Making Customer Insight Analytics Actionable
Like most large commercial banks, I’m sure that my bank views my checking account for exactly what it is on its balance sheet, a liability. To be fair, I treat it as my personal controlled disbursement account. Money is directly deposited semi-monthly, and
evaporates just as fast to cover my mortgage, bill payments along with the occasional check or ATM withdrawal. For savings and the bulk of my banking needs, I rely on credit unions, which after the Global Financial Crisis (GFC) have come to fulfill the role
of trusted financial advisors to millions. I also rely on a wealth management firm, which provides a greater breadth of retirement planning services, and, once again, fulfills the role of trusted financial advisor.
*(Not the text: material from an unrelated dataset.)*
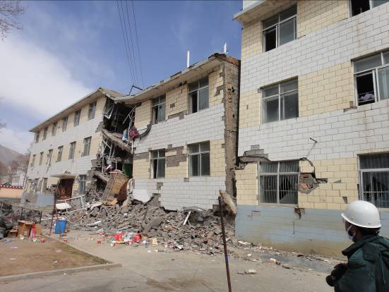 圖4 ?2010年玉樹地震,玉樹州綜合職業技術學校兩棟學生公寓樓的碰撞破壞情況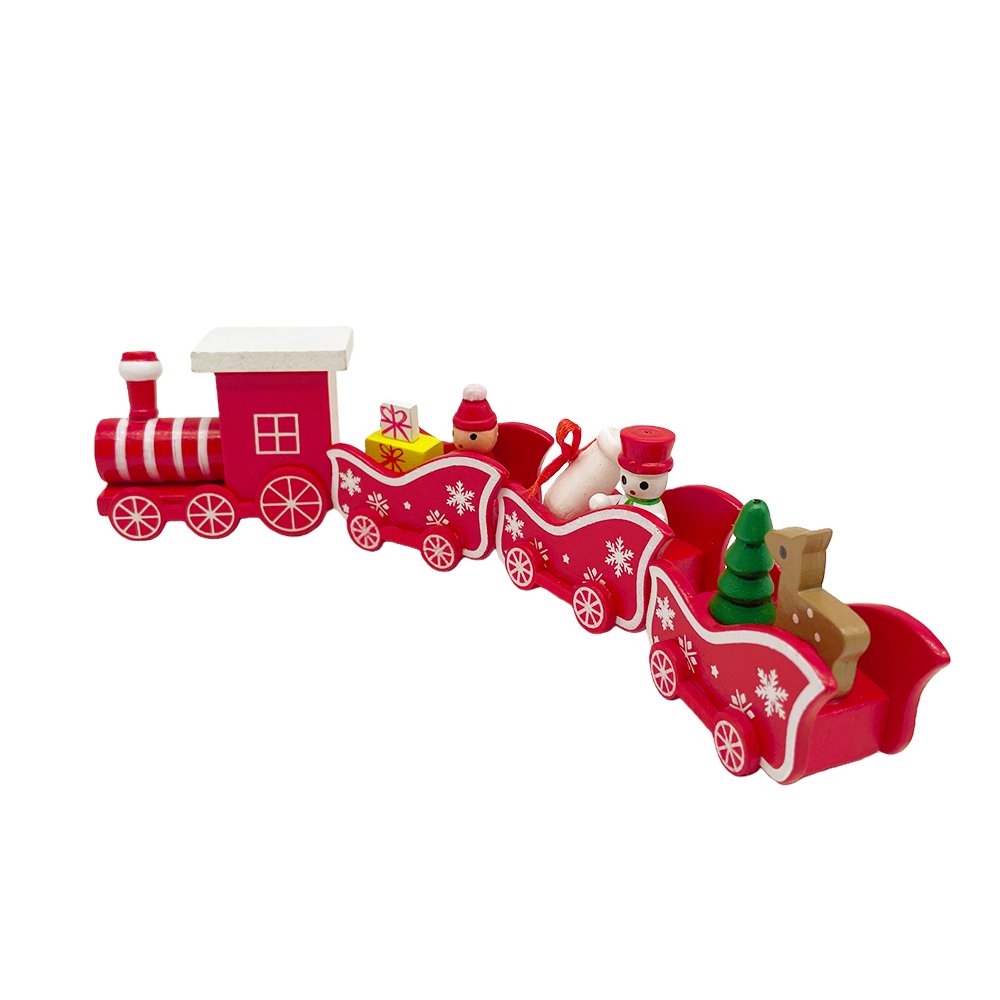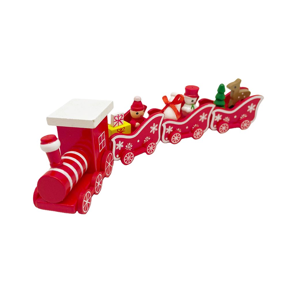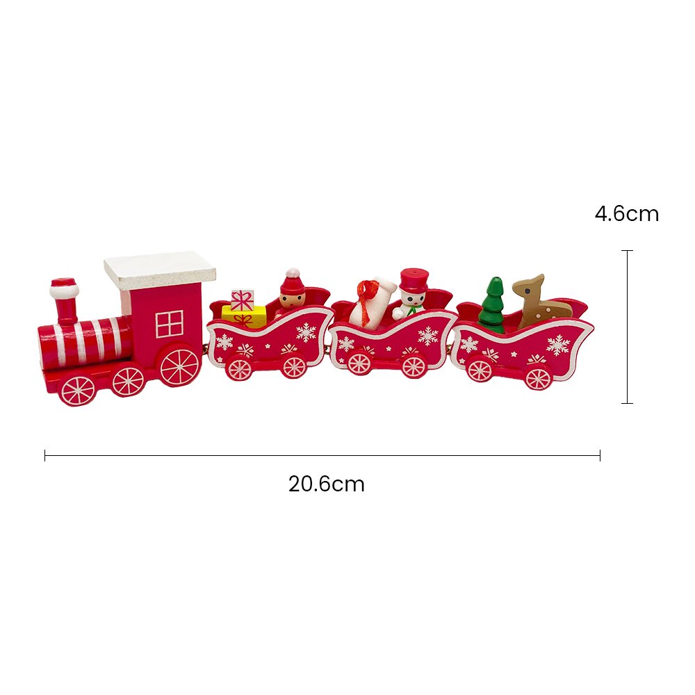 Bring cheerful holiday spirit into your home with this Red Christmas Train with Snowflake Design! This festive wooden train set features four linked carts decorated in classic Christmas red with white snowflake patterns. Each cart is filled with charming mini holiday figures — Santa, a snowman, a Christmas tree, wrapped presents, and an adorable reindeer.

Consumer banking has become a very tough economic proposition for most large commercial banks. In the aftermath of the GFC, the Consumer Financial Protection Bureau (CFPB) pressured banks’ overdraft revenue streams while Dodd-Frank’s Durbin Amendment limited
their massive debit card interchange income. To add insult to injury, as consumers and small businesses deleveraged during the GFC and their deposit balances increased, FDIC fees on insured deposits rose. Once viewed as a stable source of low-cost funding
and driving bank valuations, excess retail deposits have become a true liability for many banks by pressuring their margins. Look at the industry’s Return on Equity pre- and post-GFC to further illustrate this point.
For most banks, the average consumer checking account is a loss leader with servicing costs far exceeding both fees collected and the value of account balances. Clearly most banks need to overhaul their consumer banking value propositions to drive profitability
with marginal customers like me to help grow their wallet share via cross/up-selling higher margin products and services to potentially profitable customers.
After years of investing in a hodgepodge of costly data warehouses and other business intelligence capabilities to figure this out, many banks are just beginning to piece together that elusive 360-degree customer view, mostly on the backend of their processes.
That is, my bank now knows that I have a first mortgage and dormant brokerage account with them, and hopefully it’ll figure out what to do with this valuable information. I can’t be alone in thinking, “Why doesn’t my bank get more proactive in trying to expand
my relationship?” With the right analytics, banks should be able to leverage the reams of data that they have about their customers along with some externally available information (i.e. big data), and make compelling offers and improve customer treatment.
Both are necessary to deepen relationships and enhance profitability.
Today’s banking customers have very different demands than those 10 years ago. Spoiled by other industries, especially non-bank financial services providers (e.g. PayPal, Square, Amazon, etc.), they now demand that their banks know them, wow them, and empower
them. That is, customers favor solutions instead of products, and they expect to own the decision making process.
For example, my cellular telephone carrier instantly alerts me whenever I get near my monthly data allowance. To avoid incurring substantial overage fees, it offers me several options during that billing cycle which can take effect retroactively: I can choose
to (a) ease up on usage and stay within the data limit, (b) purchase another gigabyte of data, or (c) upgrade to a more expensive plan with a higher data allowance. Why don’t banks borrow from the cellular industry and alert and/or upsell their customers exceeding
monthly ATM withdrawals with premium banking packages or bundles of additional ATM transactions? To turn a negative situation positive, why don’t banks send real-time alerts and/or retroactively position overdraft-lines-of-credit to high-value and potentially
high-value customers about to bounce checks? Since many banks have difficulty in identifying their profitable, let alone potentially profitable customers, blanket treatment policies prevail.
Good customer insight analytics can aid banks in making sound decisions on treating customers. To manage customer lifecycles, banks should consider behavioral analyses, life events, lifetime value, broad financial views and previous successful experiences as
part of their customer insight programs. For example, customer insight propensity models can guide a bank’s understanding of the likelihood that their customers will embrace additional products or utilize alternate channels. Customer lifetime value analytics
can help a bank make decisions based on future potential of a customer’s relationship. For example, a customer with a high potential lifetime value calling in an address change out of the bank’s market area could be offered a special retention package, complete
with included off-us ATM transactions, to prevent future, undesirable attrition.
The first step of embarking on an effective customer insight program begins with the data. Silo’d systems-of-record and numerous, equally silo’d, data warehouses and data marts are often strung together with Excel to perform a bank’s financial, regulatory and
management reporting. By standardizing on a unified data model, banks are better positioned to run their customer insight models accurately, uniformly, and aligned with their other reporting. Once the bank has confidence in its data, then various statistical
and behavioral models can be employed to produce actionable insight that can help banks deliver a better customer experience, deepen relationships and enhance profitability.
Is your bank effectively leveraging its data assets to differentiate customer experience? I’d be interested in hearing how you are using data and analytics to increase share-of-wallet and enhance relationship profitability.